Vor diesem Hintergrund ist der Unterlassungsanspruch begründet, weil die Werbeaktion auch im Sinne des § 13 Abs.2 Ziff.2 UWG geeignet ist, den örtlichen Gebrauchtwagenmarkt wesentlich zu beeinflussen. Dies ergibt sich ohne weiteres aus der Aufmerksamkeit, der einer solchen Aktion zuteil werden wird, und bedarf angesichts des Umstandes keiner näheren Begründung, dass die Beklagte selbst dies im Berufungsverfahren nicht bezweifelt.
Keiner weiteren Ausführungen bedarf auch die Zuerkennung des aus § 683 BGB begründeten Anspruches auf Ersatz der Abmahnkosten, weil sich die Berufungsbegründung auf diesen nicht erstreckt (§ 519 Abs.3 Ziff.2 ZPO).
Die Kostenentscheidung beruht auf § 97 Abs.1 ZPO.
Die Entscheidung zur vorläufigen Vollstreckbarkeit folgt aus §§ 708 Nr.10, 711 ZPO.
Der Streitwert für das Berufungsverfahren wird endgültig auf 30.250,56 DM festgesetzt (§ 12 Abs. 1 GKG i.V.m. § 3 ZPO). Daher ist wertermäßigend berücksichtigt, dass es sich bei dem Kläger um einen Idealverein handelt.
Demgegenüber beträgt die gem. § 546 Abs.2 ZPO festzusetzende Beschwer der Beklagten 65.250,56 DM. Die Beschwer der im Berufungsverfahren unterlegenen Beklagten ist mit dem Streitwert nicht identisch. Sie übersteigt diesen vielmehr deutlich und macht den vorstehenden Betrag aus. Während der Streitwert - von dem untergeordneten Zahlungsanspruch abgesehen - auch im Berufungsverfahren speziell das Interesse gerade des Klägers an der Unterlassung widerspiegelt, misst sich die Beschwer der Beklagten insoweit allein an der Beeinträchtigung, die sie durch das bestätigte Verbot hinzunehmen hat. Diese ist indes jedenfalls nicht niedriger als sie wäre, wenn die Beklagte nicht von dem klagenden Verein, sondern von einem Wettbewerber in Anspruch genommen worden wäre.

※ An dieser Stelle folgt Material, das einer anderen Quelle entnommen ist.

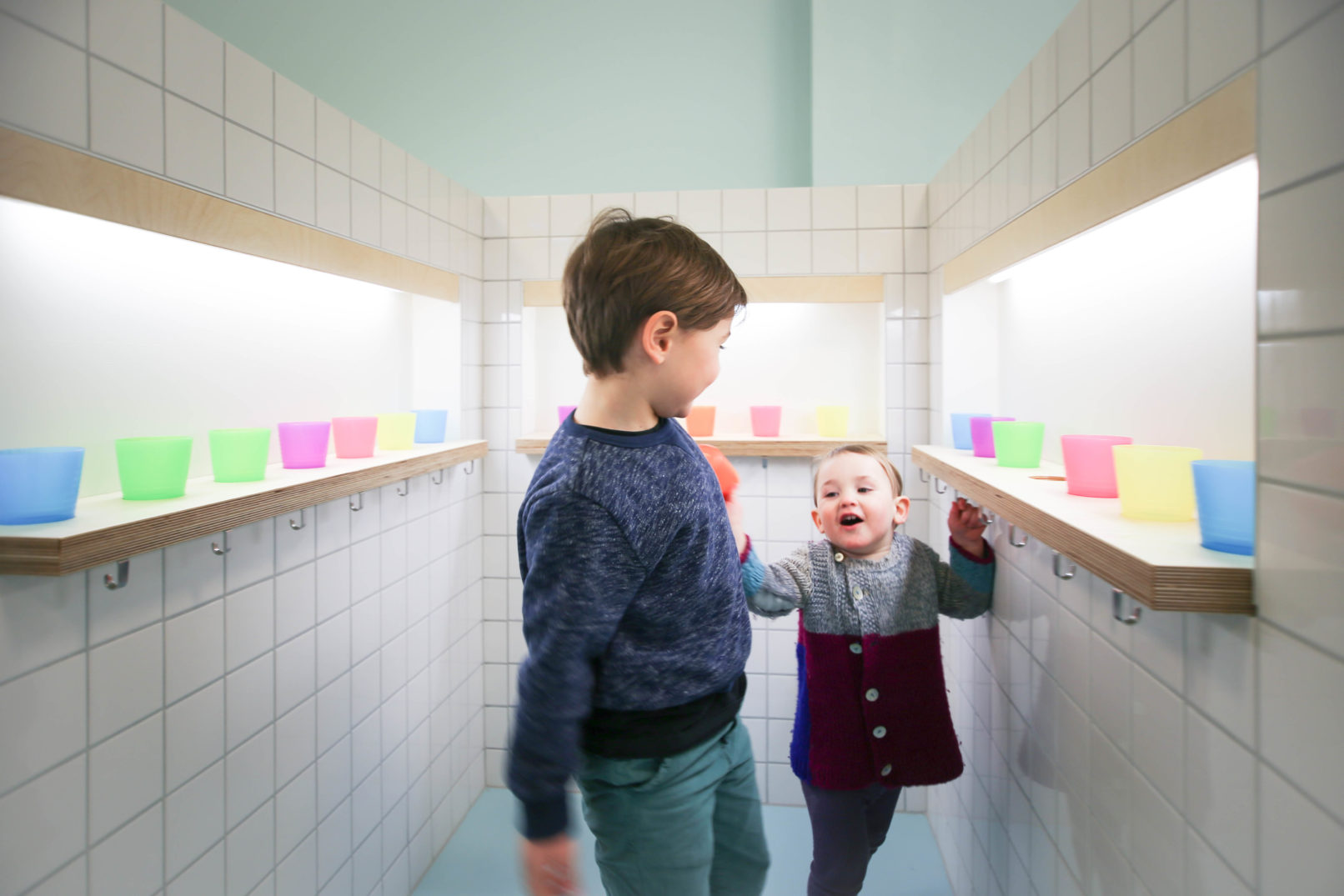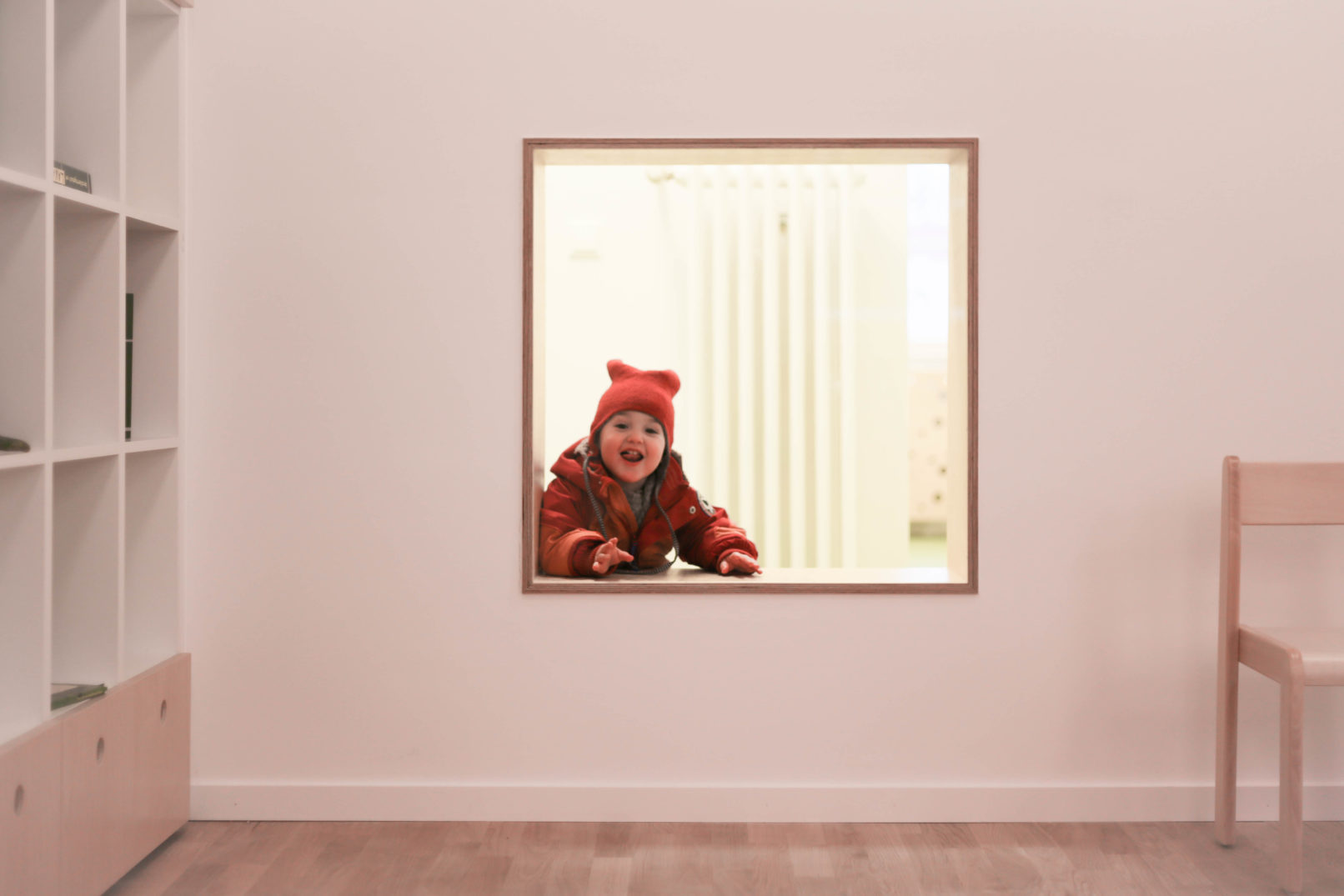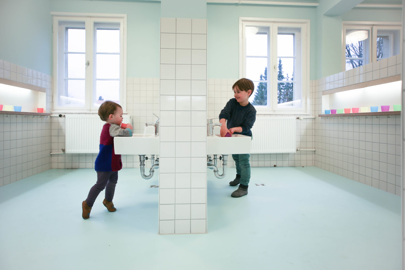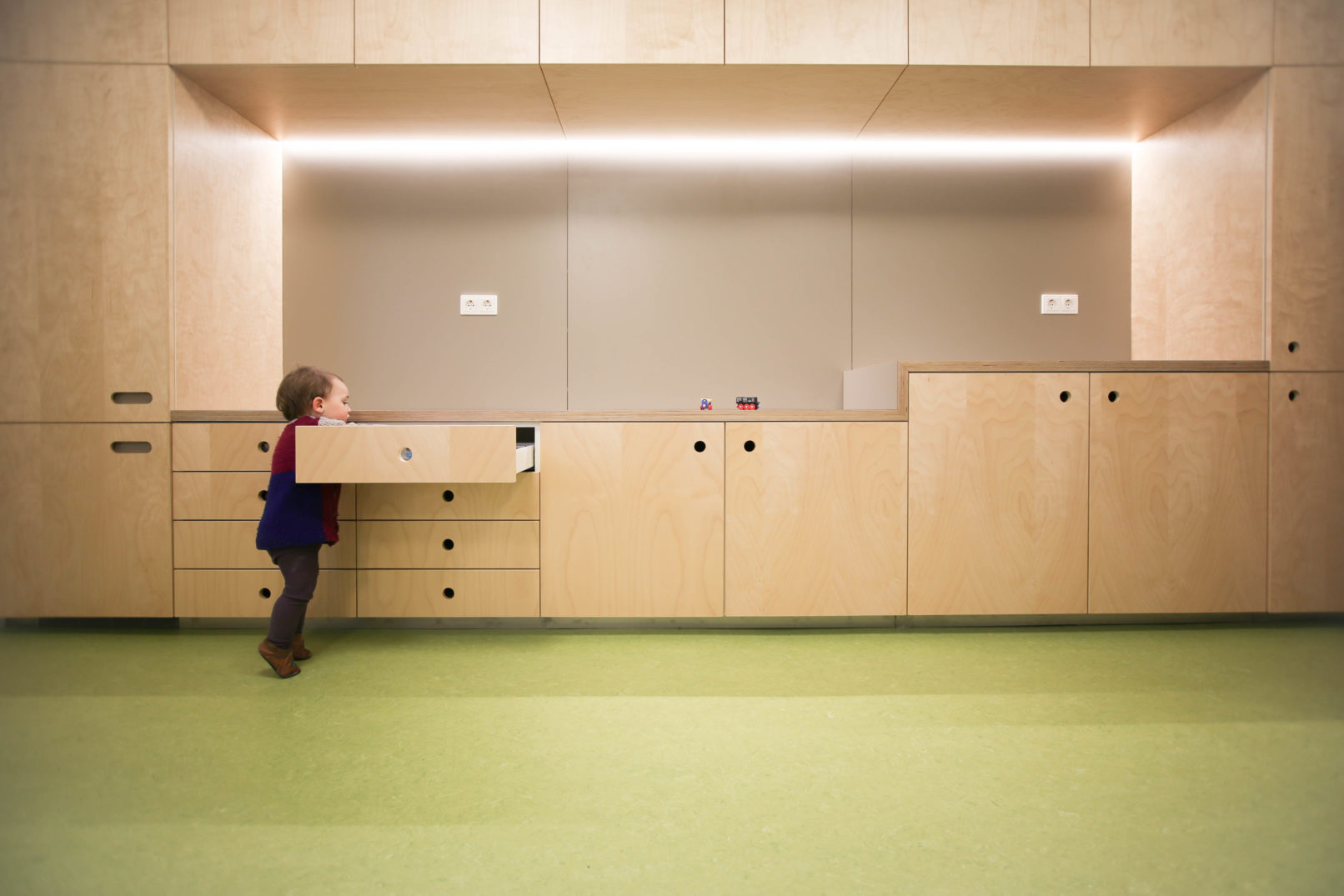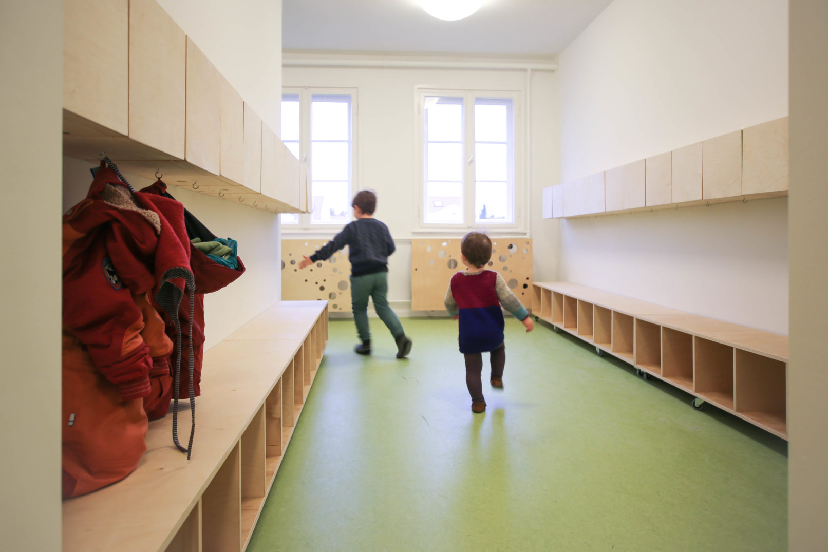 Der linke Flügel des ehemaligen Heimes für schwer erziehbare Mädchen war geprägt von einer rigiden Struktur mit Mittelgang und kleinen Einzelzimmern. Um weitere 60 Betreuungsplätze zu schaffen öffneten wir den Gang durch zahlreiche Innenfenster und entfernten nichttragende Innenwände. So entstand ein wohnlicher Gesamteindruck und ein pädagogisch vielseitig nutzbarer Raum. Die kindgerechte Küche wird mittlerweile auch gerne extern genutzt, um im Vorschulalter erste kulinarische Einblicke zu vermitteln.

Denn es macht für die Beschwer des Unterlassungsschuldners keinen Unterschied, wer Gläubiger des betreffenden Unterlassungsanpruchs ist. Das Interesse eines Wettbewerbers als Kläger im vorliegenden Verfahren würde sich indes hinsichtlich der Unterlassung zumindest auf 65.000 DM belaufen. Denn das streitgegenständliche Angebot hat wegen der ungewöhnlichen Absatzform und des beschriebenen spielerischen Anreizes erhebliche Auswirkungen auf den Markt, zumal die Beklagte beabsichtigt, auf diese Weise regelmäßig einzelne Pkw anzubieten. Vor diesem Hintergrund kann die Beschwer - wiederum von dem Zahlungsanspruch abgesehen - nicht allein deswegen auf lediglich 30.000 DM festgesetzt werden, weil das Interesse des Klägers als nicht wirtschaftlich tätigem Idealverein niedriger als dasjenige eines Wettbewerbers ist und sich auf nur diesen Betrag beläuft.